Top of EXCERPTED RECORDS
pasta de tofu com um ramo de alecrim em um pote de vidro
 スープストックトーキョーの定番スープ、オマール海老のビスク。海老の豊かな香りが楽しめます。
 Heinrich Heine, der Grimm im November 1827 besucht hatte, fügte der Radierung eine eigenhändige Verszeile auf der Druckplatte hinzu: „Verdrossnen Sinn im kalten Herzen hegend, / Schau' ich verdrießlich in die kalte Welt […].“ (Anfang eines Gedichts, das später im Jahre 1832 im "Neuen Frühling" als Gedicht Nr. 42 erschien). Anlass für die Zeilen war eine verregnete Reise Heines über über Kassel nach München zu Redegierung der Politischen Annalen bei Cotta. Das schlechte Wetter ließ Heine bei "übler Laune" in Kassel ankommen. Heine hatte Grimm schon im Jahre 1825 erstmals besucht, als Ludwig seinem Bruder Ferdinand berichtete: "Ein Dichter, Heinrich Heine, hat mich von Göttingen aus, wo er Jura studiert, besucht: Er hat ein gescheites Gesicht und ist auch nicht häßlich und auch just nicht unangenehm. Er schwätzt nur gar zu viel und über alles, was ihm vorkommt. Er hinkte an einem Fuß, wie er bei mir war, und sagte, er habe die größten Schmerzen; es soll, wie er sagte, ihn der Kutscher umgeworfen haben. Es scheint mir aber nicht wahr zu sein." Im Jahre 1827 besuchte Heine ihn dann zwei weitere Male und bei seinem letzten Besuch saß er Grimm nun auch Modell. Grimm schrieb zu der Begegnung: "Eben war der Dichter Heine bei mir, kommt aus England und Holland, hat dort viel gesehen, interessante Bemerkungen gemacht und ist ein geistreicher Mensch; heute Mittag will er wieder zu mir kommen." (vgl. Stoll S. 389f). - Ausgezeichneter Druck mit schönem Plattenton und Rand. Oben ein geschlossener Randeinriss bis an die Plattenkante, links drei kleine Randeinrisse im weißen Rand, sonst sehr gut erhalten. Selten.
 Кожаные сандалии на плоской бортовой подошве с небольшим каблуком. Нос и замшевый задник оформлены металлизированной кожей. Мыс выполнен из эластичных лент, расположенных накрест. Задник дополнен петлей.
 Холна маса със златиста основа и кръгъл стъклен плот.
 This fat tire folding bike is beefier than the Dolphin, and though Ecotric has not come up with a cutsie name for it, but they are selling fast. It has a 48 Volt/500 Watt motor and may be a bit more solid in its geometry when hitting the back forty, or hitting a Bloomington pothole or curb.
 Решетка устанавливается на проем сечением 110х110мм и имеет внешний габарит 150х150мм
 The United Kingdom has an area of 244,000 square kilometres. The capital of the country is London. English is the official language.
Bottom of EXCERPTED RECORDS
EXERCISE:
Send back the whole listing above exactly, please.

RESULT OF THE EXERCISE:
pasta de tofu com um ramo de alecrim em um pote de vidro
 スープストックトーキョーの定番スープ、オマール海老のビスク。海老の豊かな香りが楽しめます。
 Heinrich Heine, der Grimm im November 1827 besucht hatte, fügte der Radierung eine eigenhändige Verszeile auf der Druckplatte hinzu: „Verdrossnen Sinn im kalten Herzen hegend, / Schau' ich verdrießlich in die kalte Welt […].“ (Anfang eines Gedichts, das später im Jahre 1832 im "Neuen Frühling" als Gedicht Nr. 42 erschien). Anlass für die Zeilen war eine verregnete Reise Heines über über Kassel nach München zu Redegierung der Politischen Annalen bei Cotta. Das schlechte Wetter ließ Heine bei "übler Laune" in Kassel ankommen. Heine hatte Grimm schon im Jahre 1825 erstmals besucht, als Ludwig seinem Bruder Ferdinand berichtete: "Ein Dichter, Heinrich Heine, hat mich von Göttingen aus, wo er Jura studiert, besucht: Er hat ein gescheites Gesicht und ist auch nicht häßlich und auch just nicht unangenehm. Er schwätzt nur gar zu viel und über alles, was ihm vorkommt. Er hinkte an einem Fuß, wie er bei mir war, und sagte, er habe die größten Schmerzen; es soll, wie er sagte, ihn der Kutscher umgeworfen haben. Es scheint mir aber nicht wahr zu sein." Im Jahre 1827 besuchte Heine ihn dann zwei weitere Male und bei seinem letzten Besuch saß er Grimm nun auch Modell. Grimm schrieb zu der Begegnung: "Eben war der Dichter Heine bei mir, kommt aus England und Holland, hat dort viel gesehen, interessante Bemerkungen gemacht und ist ein geistreicher Mensch; heute Mittag will er wieder zu mir kommen." (vgl. Stoll S. 389f). - Ausgezeichneter Druck mit schönem Plattenton und Rand. Oben ein geschlossener Randeinriss bis an die Plattenkante, links drei kleine Randeinrisse im weißen Rand, sonst sehr gut erhalten. Selten.
 Кожаные сандалии на плоской бортовой подошве с небольшим каблуком. Нос и замшевый задник оформлены металлизированной кожей. Мыс выполнен из эластичных лент, расположенных накрест. Задник дополнен петлей.
 Холна маса със златиста основа и кръгъл стъклен плот.
 This fat tire folding bike is beefier than the Dolphin, and though Ecotric has not come up with a cutsie name for it, but they are selling fast. It has a 48 Volt/500 Watt motor and may be a bit more solid in its geometry when hitting the back forty, or hitting a Bloomington pothole or curb.
 Решетка устанавливается на проем сечением 110х110мм и имеет внешний габарит 150х150мм
 The United Kingdom has an area of 244,000 square kilometres. The capital of the country is London. English is the official language.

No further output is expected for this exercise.